A Lyon, une “Fille du Far West” de Puccini couleur sépia

- Publié le 18 mars 2024 à 11:00
Si le terne spectacle de Tatjana Gürbaca déçoit, Chiara Isotton tire son épingle du jeu dans le rôle-titre. Le grand triomphateur de cette nouvelle production reste Daniele Rustioni, qui empoigne la partition avec un sens du théâtre fabuleux.
La Fille du Far West de Puccini

L’Opéra de Lyon célèbre le centenaire de la mort de Puccini en programmant sa trop rare Fanciulla del West. L’œuvre présente des enjeux dramatiques sans prétention, qui autorisent toutes les audaces. Or l’audace, c’est justement ce qui a manqué à Tatjana Gürbaca, metteuse en scène qu’on a connue bien plus inspirée en d’autres circonstances – Werther à Zurich, Katia Kabanova à Genève… Dénué de parti-pris comme de second degré, son spectacle est par ailleurs assez fruste sur le plan visuel. Devant un grand ciel gris, un étrange et modeste décor tournant, dans des tons sépias, servira pour les trois actes – il apparaîtra fracassé au dernier, sans qu’on sache pourquoi. Les costumes sont aussi peu séduisants, en particulier ceux de Minnie, qui passe d’une robe en lamé kitchissime à un pyjama fleuri guère seyant. Les mouvements sont certes réglés avec un savoir-faire incontestable, et rien ne vient troubler la narration – mais rien ne l’éclaire non plus. Surtout, la fantaisie qu’appelle ce tendre western reste aux abonnés absents. Dommage.
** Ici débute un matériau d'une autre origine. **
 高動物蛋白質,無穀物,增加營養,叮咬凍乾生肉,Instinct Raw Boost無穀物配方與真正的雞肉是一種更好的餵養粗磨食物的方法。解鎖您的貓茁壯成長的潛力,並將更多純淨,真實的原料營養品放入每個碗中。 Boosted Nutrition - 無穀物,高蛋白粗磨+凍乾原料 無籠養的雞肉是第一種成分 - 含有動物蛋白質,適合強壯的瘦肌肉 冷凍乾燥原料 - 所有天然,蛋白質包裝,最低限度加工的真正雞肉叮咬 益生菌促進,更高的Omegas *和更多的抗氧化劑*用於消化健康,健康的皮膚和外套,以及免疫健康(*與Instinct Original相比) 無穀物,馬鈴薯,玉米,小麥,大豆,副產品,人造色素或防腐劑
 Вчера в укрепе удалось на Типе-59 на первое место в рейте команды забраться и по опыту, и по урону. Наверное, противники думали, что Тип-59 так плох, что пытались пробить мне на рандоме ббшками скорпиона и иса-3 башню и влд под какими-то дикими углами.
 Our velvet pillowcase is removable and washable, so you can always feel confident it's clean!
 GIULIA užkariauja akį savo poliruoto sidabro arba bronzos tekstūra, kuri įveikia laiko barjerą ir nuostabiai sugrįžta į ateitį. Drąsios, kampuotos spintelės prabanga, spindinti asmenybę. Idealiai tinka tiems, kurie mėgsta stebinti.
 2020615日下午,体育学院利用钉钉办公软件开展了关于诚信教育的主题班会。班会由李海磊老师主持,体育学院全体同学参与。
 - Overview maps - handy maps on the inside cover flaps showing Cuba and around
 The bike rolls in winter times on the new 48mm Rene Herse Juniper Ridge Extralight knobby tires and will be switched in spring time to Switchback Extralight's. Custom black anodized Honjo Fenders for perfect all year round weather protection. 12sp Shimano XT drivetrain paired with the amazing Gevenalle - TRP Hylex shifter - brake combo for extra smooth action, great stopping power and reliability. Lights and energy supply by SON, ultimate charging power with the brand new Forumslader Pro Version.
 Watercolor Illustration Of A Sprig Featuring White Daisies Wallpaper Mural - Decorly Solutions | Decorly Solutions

Se consolera-t-on avec les voix ? Chiara Isotton est une Minnie plus jeune, au soprano moins dramatique, au tempérament moins ravageur aussi, que celles qu’on entend d’ordinaire. Le timbre charnu sur toute la longueur de la tessiture comme l’art du phrasé exemplaire font merveille dans les moments d’abandon – ainsi lorsqu’elle évoque ses souvenirs d’enfance au I (« Laggiu nel Soledad »). Dans les colères et les emportements du II, l’artiste donne tout d’elle-même, avec une vaillance sans défaut, poussant sa voix dans ses extrêmes retranchements sans compromettre pour autant la fermeté du dessin mélodique.

Impeccables petits rôles

Si le Dick Johnson de Riccardo Massi brille d’un éclat parfois discret dans l’aigu, le timbre ne manque pas de charme, un rien barytonnant par instant, la ligne est nuancée, les regrets empreints de sincérité (« Ch’ella mi creda libero e lontano »). Le Jack Rance de Claudio Sgura a l’émission qui bouge au début – sa déclaration d’amour (« Minnie, dalla mia casa son partito ») en souffre quelque peu ; ce shérif montrera davantage d’aplomb par la suite, bien que l’on en ait connu de plus carnassiers, de plus généreux dans le cantabile. La galerie des petits rôles est très bien distribuée. S’en distinguent en particulier le Nick de Robert Lewis, ténor tout en lumière et souplesse, l’Ashby de Rafal Pawnuk, belle basse au fort caractère, la Wowkle de Thandiswa Mpongwana, mezzo au capiteux velours, ou encore le Jack Wallace de Pawel Trojak qui lance sa nostalgique chanson (« Che faranno i vecchi miei ») avec juste ce qu’il faut de larmes, reprise ensuite par un chœur d’hommes impeccablement préparé – ce qui se confirmera dans ses invectives au III.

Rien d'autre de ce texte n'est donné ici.